Harry Kane was rejected by Arsenal as a child and spent years bouncing around on loan deals before becoming one of the most prolific strikers in Premier League history. Luka Modrić was considered too small and weak as an adolescent at a time when Croatian football was built around physical dominance. N’Golo Kanté was playing in the sixth tier of French football at 19.
None of these careers was an accident.
Each of these players had something that physical development cannot give you, and that no scout can measure on a Tuesday night in November: the ability to read the game, to position themselves intelligently, to want the ball in pressure moments.
Those qualities, developed through years of having to outsmart bigger and faster opponents, proved far more durable than anyone’s growth spurt.
The research literature has a name for this dynamic.
Players who develop physically later are often forced to build what coaches call technical resilience, an ability to function under physical duress that early developers, who can always rely on their size, never fully acquire. When the physical advantages of early maturation eventually even out in the late teenage years, the late developer frequently emerges with a higher soccer ceiling.
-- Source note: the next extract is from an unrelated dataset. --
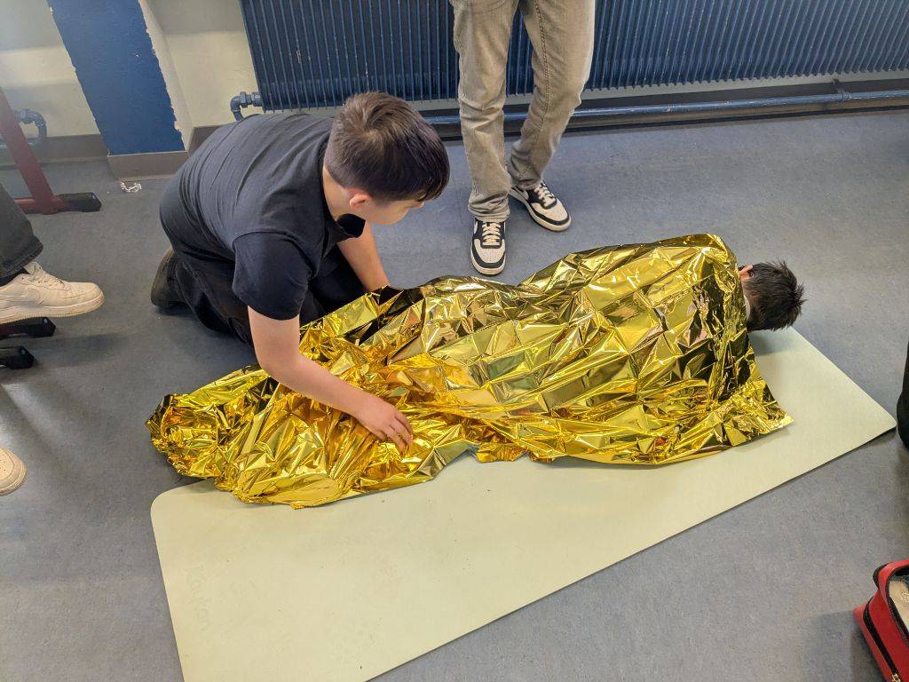 Beim Notfallsanitäter wurde die stabile Seitenlage geübt und besprochen, welchen Zweck eine Wärmedecke bei einem Unfall hat und wie diese ordnungsgemäß am Patienten angebracht werden muss.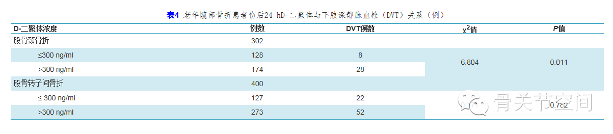 本组8例老年股骨颈骨折和22例老年股骨转子间骨折患者D-二聚体浓度≤300ng/ml但却发生下肢DVT。纤维蛋白D-二聚体是一种交联纤维蛋白降解物,它标志纤溶系统亢进以及体内高凝状态。D-二聚体浓度增高不仅见于急性静脉血栓患者而且见于老年人及多种内科病患者[15],受年龄和内科合并症如房颤、心衰和肾衰等影响[16,17,18,19,20]。此外,D-二聚体特异性不强,通常受妊娠、炎症、手术、创伤等因素的影响,预测准确性产生观察间的变异[14]。因此,对于D-二聚体阴性结果的患者,应在伤后48小时和术前1d复查D-二聚体浓度或直接行彩色多普勒超声检查排除下肢DVT。

What the Brain Is Doing While the Body Catches Up

There is also the question of what the brain is doing during all of this.
Cognitive development continues well into the late teenage years and in some cases beyond. Decision-making under pressure, spatial awareness, tactical pattern recognition, the mental architecture that separates an average player from a smart one does not finish forming at 13.
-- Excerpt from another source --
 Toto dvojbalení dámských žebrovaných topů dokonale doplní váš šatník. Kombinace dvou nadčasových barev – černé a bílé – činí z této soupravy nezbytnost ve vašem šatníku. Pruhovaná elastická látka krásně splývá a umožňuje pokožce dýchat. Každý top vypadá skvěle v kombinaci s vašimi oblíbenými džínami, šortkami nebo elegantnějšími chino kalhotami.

A system that evaluates players primarily on athletic metrics at 12 or 13 is measuring the least predictive things, at the least predictive moment, for the least predictive reasons.
A 2025 longitudinal study examining 1,518 male and 487 female soccer players found a persistent relative age effect across national team programs, with birth quartile distribution directly influencing transition rates from youth to senior international competition meaning players born in the earlier months of the selection year were significantly more likely to go on to professional careers, not because they were better players, but because the system funnelled development resources their way from early childhood.
The talent lost in that filter is incalculable.
And it accumulates silently, one U13 tryout at a time, across thousands of clubs in thousands of towns, without anyone in the system ever having to confront what they passed over.
What Parents Can Do Right Now
None of this means elite youth soccer is simply broken or that everyone who runs an academy is making selections in bad faith. Coaches work in environments where results matter, clubs need to recruit and retain players to stay financially viable, and parents understandably want their children on the best available team.
The incentives pointing toward early selection are structural and real.
But the conversation is changing. MLS NEXT introduced playing time rules requiring U13 teams to play three 25-minute periods with guaranteed playing time for all rostered players, a policy that would have seemed radical even five years ago in elite American youth soccer.
The scholarship initiative, the expanded talent identification weekends, and the age-group restructuring: none of these is a perfect solution, but they reflect a system that is at least beginning to interrogate its own assumptions.
What parents can do in the meantime is clearer than what governing bodies can do.
Track development over years rather than months. Choose playing time and quality coaching over brand recognition. Ask clubs not how many trophies they have won but what their developmental philosophy looks like and how they handle players on different timelines.
Find the environment where your kid is learning, competing, and actually enjoying soccer because enjoyment is not a soft outcome; it is the single biggest predictor of whether a player stays in the game long enough to fulfil their potential.
The system is wired to find the early developer. That is a problem the system has to fix. But the kid who is still growing at sixteen, still getting smarter about the game, still showing up, that kid is not behind schedule.
There is no schedule. There never was.